Not sure if this is obvious to all, or perhaps I did something awkward to cause this (or most people actually take a look at the script first before running it ), but if you need to run the install script from a separate directory it may be beneficial to add that instruction to the first post so dopes like me don't accidently wipe their directory!

Thanks for putting this together!


----------



## FMK2

My busybox installation had some "issues", so I decided to reinstall.

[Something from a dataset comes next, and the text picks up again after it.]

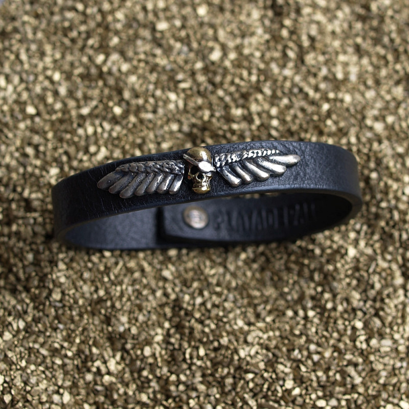Aus unserer Kollektion von Platadepalo: Armband aus schwarzem Leder, 1 cm breit, mit Applikation Totenkopf/Engelsflügel
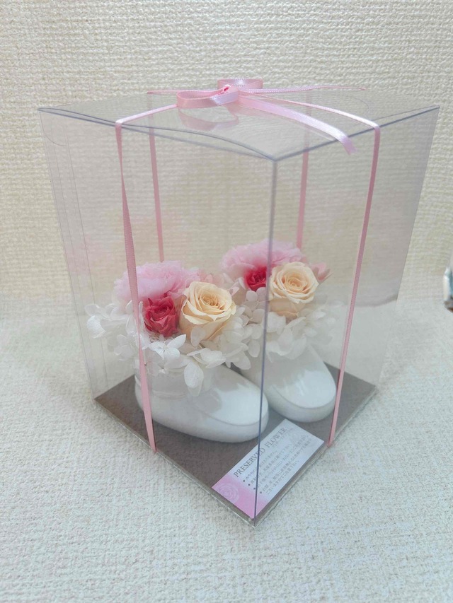 赤ちゃんの誕生を祝うための特別なアレンジメント,ベビーシューズプリザーブドフラワーアレンジメントが登場!可愛らしいベビーシューズをベースに,やわらかい色味のプリザーブドフラワーを使用し,ホッと心和む雰囲気を演出します。ギフトとしてもインテリアとしてもぴったりの一品です。 ■ カラー/サイズ ・パステルカラーのプリザーブドフラワーアレンジメント ・白色のレジン製シューズ ・高さ:約16cm,幅:約12cm,奥行き:約12cm(ケースサイズ) ■ お手入れ/取り扱い注意事項 ・直射日光の当たらない場所で飾ってください。 ・水やりは不要。 ■ 発送・注文に関する情報や注意事項 ・商品の特性上,お客様都合による返品は受け付けておりません。予めご了承ください。 ・ご希望の配送日を指定されない場合,5営業日以内に準備が出来次第発送いたします。 ■ その他の情報や注意事項 ・天然素材を使用したハンドメイド作品です。湿度や温度により色味が変化することがあります。 お問い合せはショップのお問い合わせページからお気軽にどうぞ。

It couldn't have been easier.

Thanks very much for this excellent utility.


----------



## slidervf101

Has anyone compiled a newer version of Busybox (like 1.8.2) for an HR10-250? If so, please post it!

If not, I'm looking for a 'rmdir' compile (Busybox 1.2.1 does not have it).


----------



## BTUx9

slidervf101 said:


> Has anyone compiled a newer version of Busybox (like 1.8.2) for an HR10-250? If so, please post it!
> 
> If not, I'm looking for a 'rmdir' compile (Busybox 1.2.1 does not have it).

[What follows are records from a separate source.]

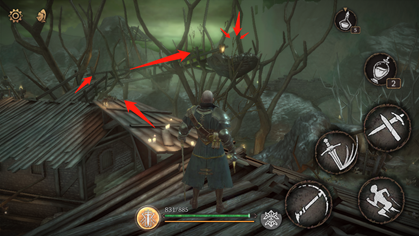 首先,从第一个祭坛开始,经过黑精商人,然后到达屋顶上的岔路口。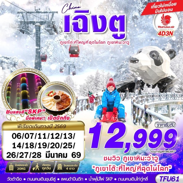 ทัวร์เฉิงตู ภูเขาหิมะวาวู่ บินไปนอน 4 วัน 3 คืน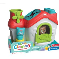 La fattoria sensoriale contiene al suo interno tanti morbidi Clemmy che possono essere impilati manipolati e inseriti facilmente nelle finestre e dal tetto

is there a reason you don't want to use rm -rf?


----------



## slidervf101

Yes, "rm -rf" does the same thing, but it's just my habit to type "rmdir". Too lazy to change my ways...


----------



## BTUx9

hmm... too lazy to type "rm -rf" instead of "rmdir", so, instead, researching versions of busybox, looking to compile a more recent version... etc.

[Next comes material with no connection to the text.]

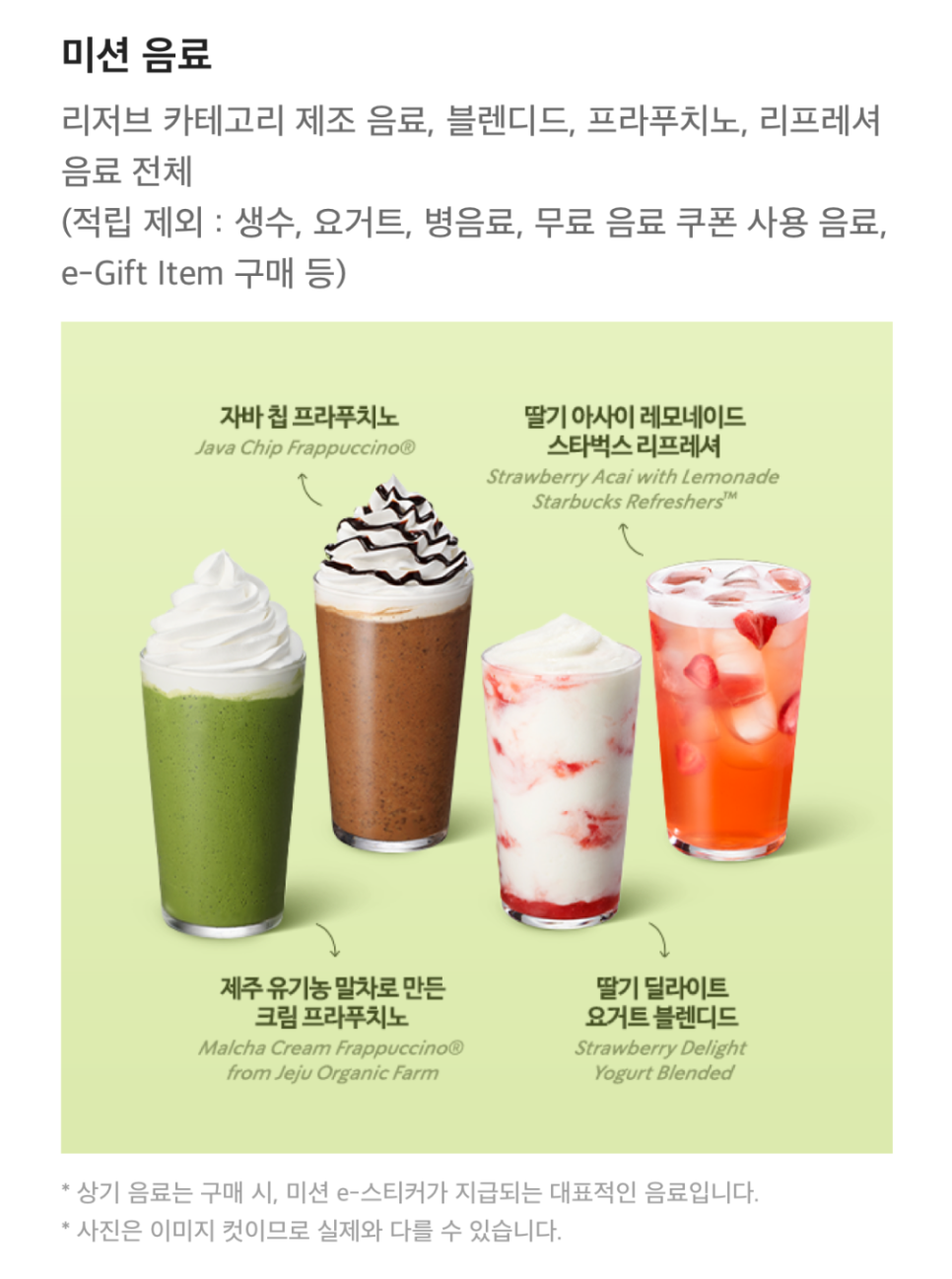 프라푸치노 2종과 딸기가 첨가된 음료 2종으로

Seems like a lot of work in the name of "laziness"

what about: alias rmdir='rm -rf' in your profile?


----------



## rbautch

The downoad in the original post is now updated with BusyBox 1.10.1. Also added several new tools.


----------



## Soapm

Can I just type install_busybox.sh from a BASH promt and let this new version automatically overwrite the old? Will it make any other changes to SAper or other enhancements?

If not, what command would I use to overwrite my existing busybox with this new version?


----------



## rbautch

Yes. Run the script to replace your existing busybox.


----------



## unclemoosh

OK, so I installed new busybox and now I lost the "more" function. I tried symlink to busybox, which I thought required, but no joy.

What did I screw up???


----------



## BTUx9

more SHOULD be a symlink to busybox... is it still in your path? is busybox marked executable?


----------



## unclemoosh

Yes and yes.

Symlink I did was "ln -s busybox more"

I get "more: applet not found"

Can you give some direction?

TIA


----------



## T1V0

just type 'busybox' if more isn't listed, then this busybox binary was built without including it.


----------



## unclemoosh

T1V0 said:


> just type 'busybox' if more isn't listed, then this busybox binary was built without including it.


That's it, it's not there.

Thanks.


----------